▸ Work item: Below are some records: retype them all exactly, but not the pictures.

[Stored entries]
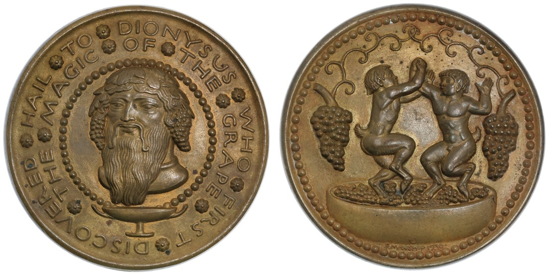 Dionysus. Society of Medalists. Second Issue, 1930. Bronze, 72.5mm. By Paul Manship. Bust of Dionysus facing ¾ left; Hail to Dionysus Who First Discovered The Magic Of The Grape, rev. Two satyrs foot pressing grapes, flanked by bunches of grapes. A popular medal. Choice Extremely Fine.
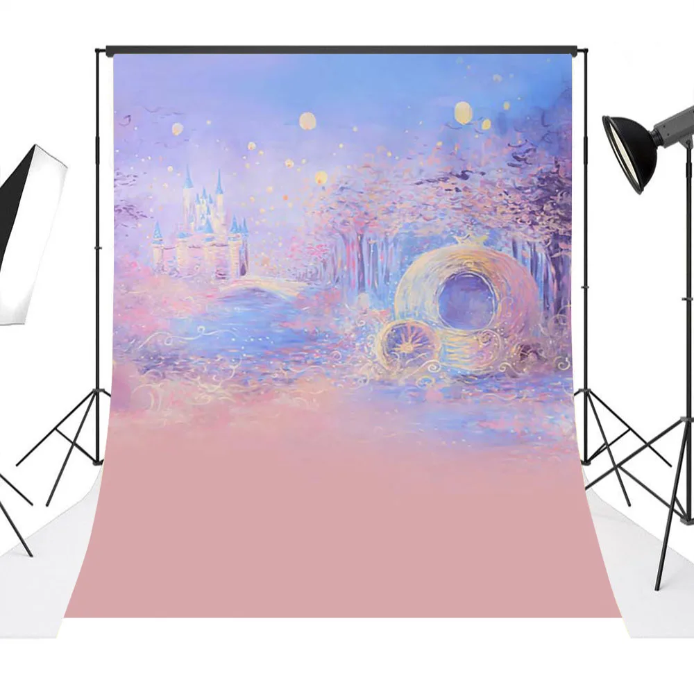 Фон для фотосъемки новорожденных девочек с изображением замка и торта
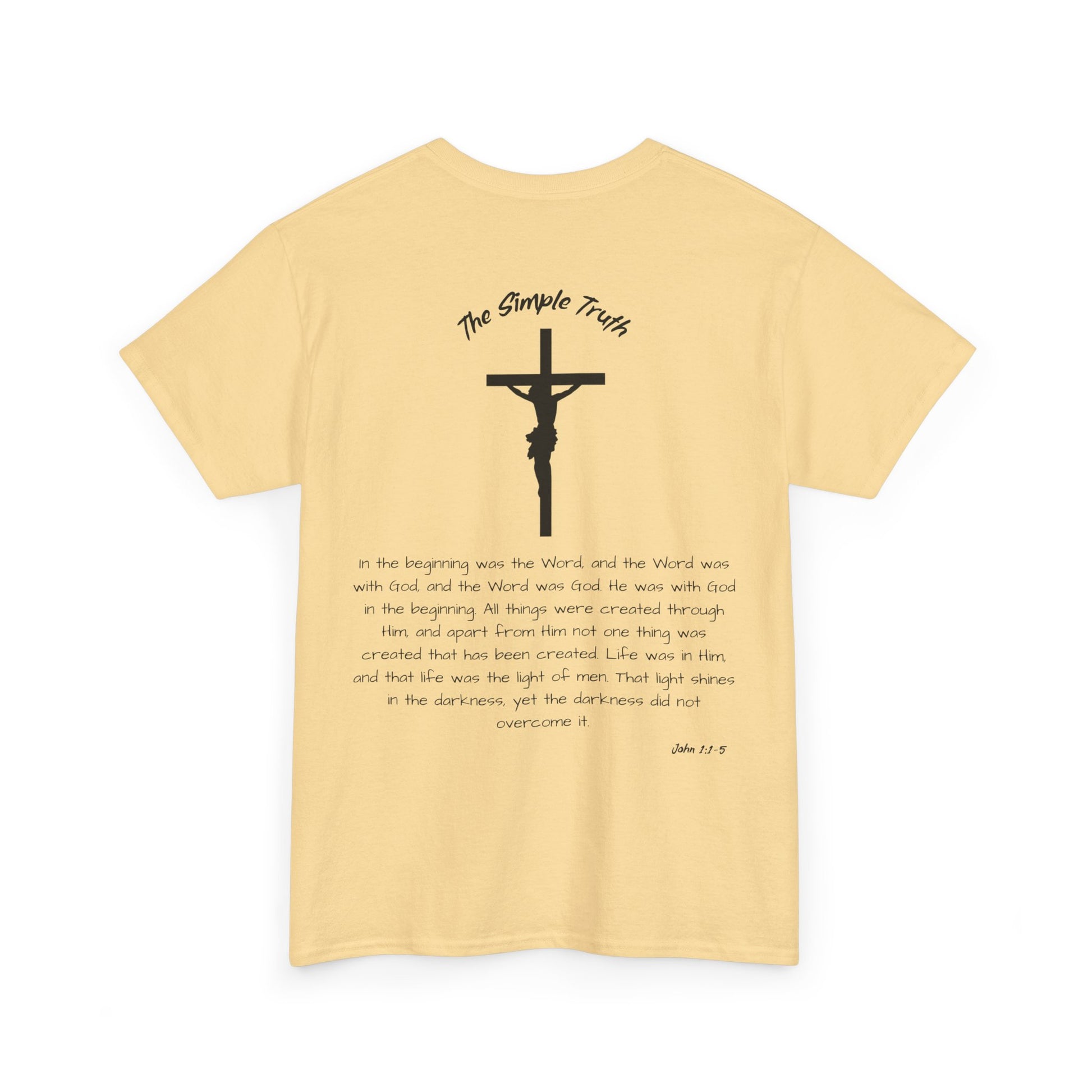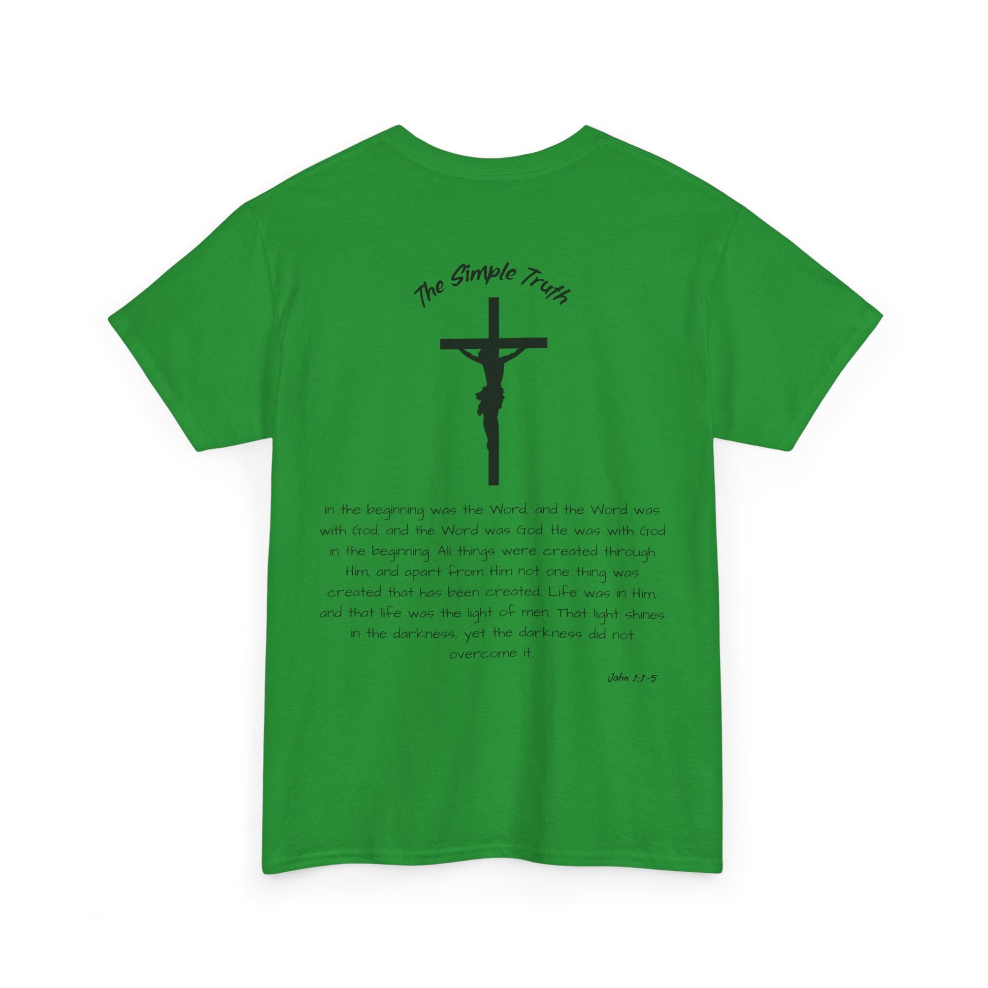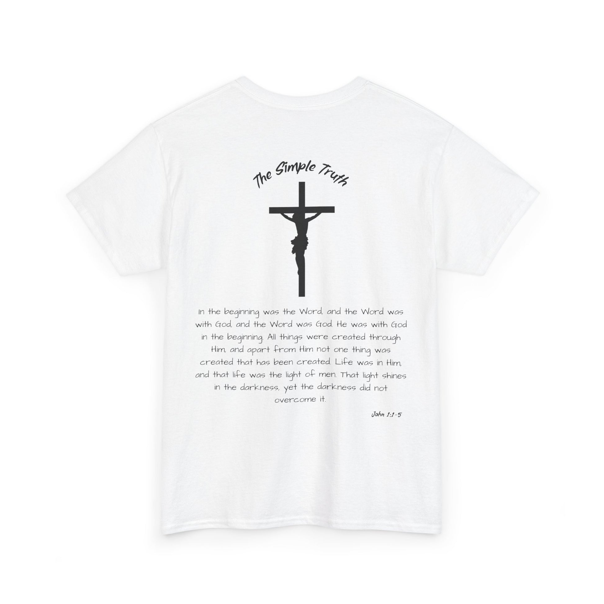 John 1:1-5 Black Print Bible Verse Unisex Heavy Cotton Shirt - From "The Simple Truth" Collection
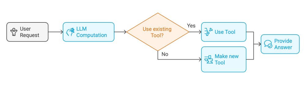 An LLM is able to generate code, that is, to CREATE ON THE FLY tools needed to solve the requested task. On this very broad topic I am running a column on 01Net called AI Cookbook. That I invite you to follow if you are passionate about coding (and speaking italian).
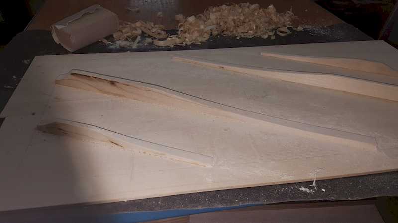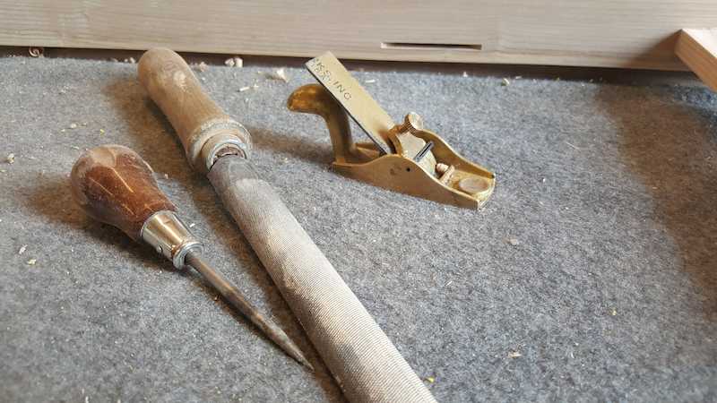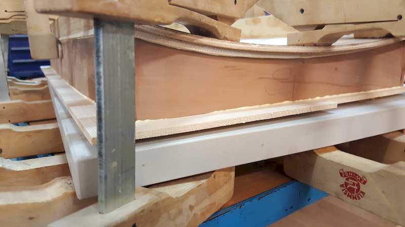 An der Deckelplatte werden Leisten angeleimt und mit dem kleinen Hobel abgeschrägt. Diese geben Stabilität und leiten den Klang weiter.
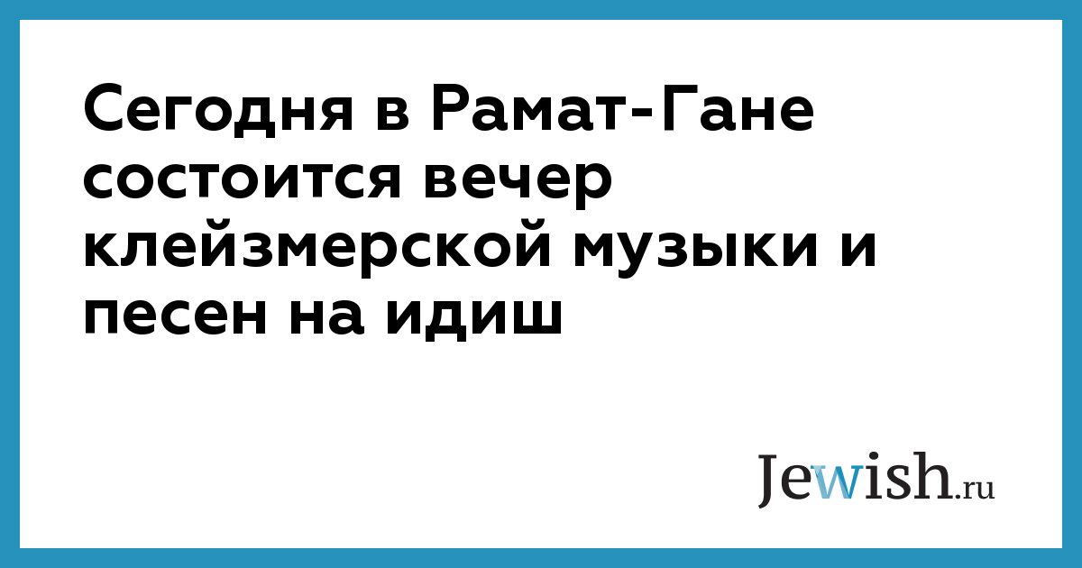 Сегодня в Рамат-Гане состоится вечер клейзмерской музыки и песен на идиш
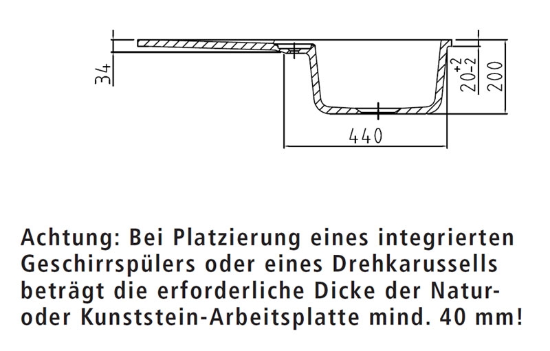 - Achtung: Bei integr. GS oder Drehkarussell Mind.-APL-Stärke 40 mm.

▸ Exercise solution:
 Dionysus. Society of Medalists. Second Issue, 1930. Bronze, 72.5mm. By Paul Manship. Bust of Dionysus facing ¾ left; Hail to Dionysus Who First Discovered The Magic Of The Grape, rev. Two satyrs foot pressing grapes, flanked by bunches of grapes. A popular medal. Choice Extremely Fine.
 Фон для фотосъемки новорожденных девочек с изображением замка и торта
 John 1:1-5 Black Print Bible Verse Unisex Heavy Cotton Shirt - From "The Simple Truth" Collection
 An LLM is able to generate code, that is, to CREATE ON THE FLY tools needed to solve the requested task. On this very broad topic I am running a column on 01Net called AI Cookbook. That I invite you to follow if you are passionate about coding (and speaking italian).
 An der Deckelplatte werden Leisten angeleimt und mit dem kleinen Hobel abgeschrägt. Diese geben Stabilität und leiten den Klang weiter.
 Сегодня в Рамат-Гане состоится вечер клейзмерской музыки и песен на идиш
 - Achtung: Bei integr. GS oder Drehkarussell Mind.-APL-Stärke 40 mm.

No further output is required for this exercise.